I started by removing both the negative and positive battery terminals. (This erased the set status for the I/M Readiness Monitors, but my smog inspection isn't due until November, so there's time to do the drive cycles.)

After waiting 15 minutes, I reconnected the negative battery terminal and then touched the positive cable connector to the hot positive battery terminal and held it on for ten seconds; then I lifted the positive connector off for ten seconds and retouched it for ten seconds. I did this three times, and then I left it disconnected for 15 minutes. After waiting I put both terminals back on the battery and torqued them on.

After doing a battery power ECM "reset" (I was thinking this procedure was probably invalid and some sort of shade tree mechanic urban myth, but it seems to have worked as a prelude to training the ECM for the new throttle body.) I started the engine and let it run at idle for three minutes and then shut it off for one minute; then I restarted and let it run three minutes and shut it off for one minute. I did this six times. Long term fuel trim is now 4.7 at idle, MAP intake manifold pressure is back down to 37-40 KPA while MAF intake air is about 2.3 grams/second with 770 RPM. O2S1 ranges lean rich lean rich from .08-.85 volts and O2S2 is in a narrow range from .68-.72 volts. 

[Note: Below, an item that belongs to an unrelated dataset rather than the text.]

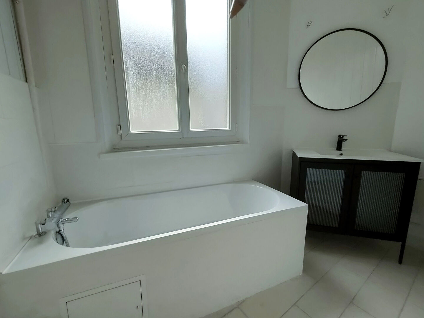 Maison de ville , dans une rue au calme en centre ville , comprenant : cuisine aménagée ouverte sur séjour. Au 1er étage : une chambre, salle de bains avec wc. Au 2ème étage : une chambre et un bureau. Chauffage gaz.

Will update post after test drive.
-----------------------------
After five freeway miles and five city street stop and go miles, the engine cooled down from 106 degrees C to 81 degrees C with heat on full and hood open. Air temp was about 48 degrees F yesterday afternoon. Long term fuel trim just prior to engine shut down was at 6.8, but was as high as 18.5 while waiting for a traffic light after driving for about 8 miles. Up stream or pre-catalytic converter was showing temps of 460~ish at inlet and 390~ish at outlet. Down stream or second catalytic converter showed inlet temp of about 250 an outlet of 200~ish as detected with a laser thermometer. This makes me skeptical of the idea that the extra gas being dumped into combustion chambers is burning in the cats even though the cats aren't showing correct temps. Low voltage on O2S2 makes me think there's too much air. This is probably a result of my having cut away the internal air dams in the intake manifold when I put it on back in July. ( It's internal PCV is still intact, and no oil was observed in the intercooler-charge tube when changing throttle body. ) 

Perhaps I'll pony up the $100 for an upgraded MAF and the $300 for HP Tuner ECM flasher and Tune Editing Software. 

Cheers and Best Wishes to Readers


----------